Ist ja auch einfach: Man kann tatsächlich kaufen, was man will und die Frauen am Fließband flachlegen. Alles Sumaluschas wie Models und Missen, natürlich. Die reißen sich darum, dem Supermann zu blasen und sind dann bass erstaunt, wenn dieser die scharfen Bilder vom flotten Dreier als Jagdtrophäen präsentiert.
Aber eigentlich braucht es noch viel weniger, um zumindest für einen kurzen Augenblick dem Supermann-Syndrom anheimzufallen: Ein geleaster Luxusschlitten reicht schon. Damit kann man auf der Überholspur Kleinwagen wie Hühner verscheuchen und bald kommt auch schon das Gefühl auf, einem könne garnix passieren, auch nicht bei Regen und 180km/h. Natürlich blasen auch in diesen Fällen die Missen. Die, die einen Milliardärsohn nicht von einem Plattenleger unterscheiden können.
Wie sagte doch kürzlich unser Bundesrat Moritz Leuenberger: Geld regiert die Welt.
Um das zu merken, braucht man aber kein Bundesrat zu sein.

Eine tolle Woche und viel Kohle. Euer Traumperlentaucher.

2009-11-07

Immer diese Experten

Von traumperlentaucher @ 14:18 [ Gedanken & Beobachtungen ]


Da geisterte doch kürzlich folgende Meldung durch unsere Qualitätsmedien:
„Die Experten erwarten für die nächsten Jahre ein deutliches Bevölkerungs- und Wirtschaftswachstum und deshalb eine höhere Nachfrage. So soll der Personenverkehr bis 2030 auf der Straße um 20 Prozent und auf der Schiene um 45 Prozent zunehmen.“
Woher zum Teufel wissen die das? Und wer sind eigentlich diese Experten, die immer etwas erwarten?
Sind das bloß Hirngespinste der Journalisten oder Interessenvertreter aus Politik und Wirtschaft, die zwecks Meinungsmanipulation „Expertenmeldungen“ an Presseagenturen verschicken?
Oder sind es tatsächlich Wissenschaftler, die aus Profilierungssucht diese Erwartungsnachrichten verbreiten? Vielleicht, denn die Wissenschaft stellt ja nichts anderes dar, als den aktuellen Stand des menschlichen Irrtums.
Oder ist vielleicht gar jeder, der etwas erwartet, ein Experte? Ich sitze am Bahnhof und erwarte den nächsten Zug. Meine Frau erwartet ein Kind. Der Bauer erwartet einen milden Winter.

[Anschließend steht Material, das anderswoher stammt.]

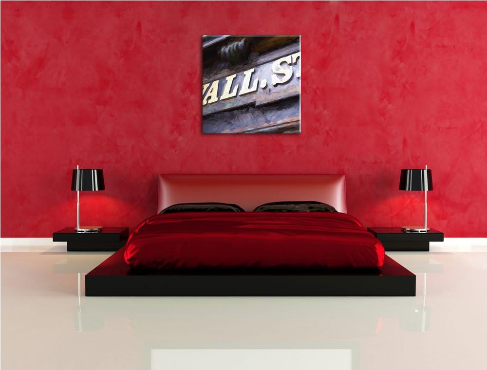 Wall Street Schild, Format: 70x70 auf Leinwand, XXL riesige Bilder fertig gerahmt mit Keilrahmen, Ku

Nein! Ich denke, „Experte“ ist nichts anderes als ein moderner Ausdruck für Propheten und Wahrsager. Wobei die einfacheren Gemüter unter ihnen das Offensichtliche erwarten, die Komplizierteren das Widersinnige und die Verrückten die Verwirklichung ihrer Wunschträume.

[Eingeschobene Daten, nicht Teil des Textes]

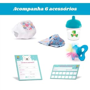 Boneco de Vinil - Diver New Born - Premium - Menino - Divertoys: esse lindo Boneco de aproximadamente 32 cm é um encanto. Com traços realistas e fofos, o Diver New Born Premium tem tudo para ser cuidado perfeitamente. Com o boneco as crianças aprendem valores importantes como cuidado e empatia. Produzido todo em vinil, com cor especial e cheirinho de bebê. Toda a graça da brincadeira de mamãe e filhinho, agora com muito mais charme. Um bebê newborn só seu! Informações: • Produto: Boneco New Born Premium Menino • Marca: Divertoys • Coleção: Diver New Born Premium • Tipo: Boneco com Acessórios • Categoria: Bonecos Bebês • Tamanho: 32 cm (altura) • Conteúdo: - 01 Boneco - 01 mamadeira - 01 fralda - 01 mantinha - 01 certidão de nascimento - 01 carteirinha de vacinação - 01 chupeta com luz • Recomendação: para crianças a partir de 03 anos de idade Especificações: • Referência: 8154 • Código de Barras: 7898639381545 • Embalagem (C x A x L): 42 x 29 x 17 cm • Embalagem (Peso): 1.130 kg • Material / Composição: Vinil, tecido e plástico • Registro: 002 410/2022 • Certificado: Órgãos Autorizados - OCP´S (Organismos de Certificação de Produtos) Aviso: • As imagens são meramente ilustrativas • Os pesos, tamanhos e medidas são aproximados • As cores e estampas dos produtos podem ter variações • As informações são de responsabilidade do fabricante ou fornecedor

Bei den oben erwähnten Experten scheint es sich um die Unterart „Bahnpropheten“ zu handeln.
Hoffen wir, dass ihre Prognosen nicht eintreffen werden. Denn das würde beuten dass:

a) Die Bevölkerung in unserem überfüllten Land noch wesentlich steigen würde (>10 Mio) oder
b) Wir aus irgendwelchen Gründen viel mehr Zeit in Staus oder überfüllten Zügen verbringen werden. Oder
c) = a + b

Ein gemütliches, verregnetes Wochenende. Euer Traumperlentaucher.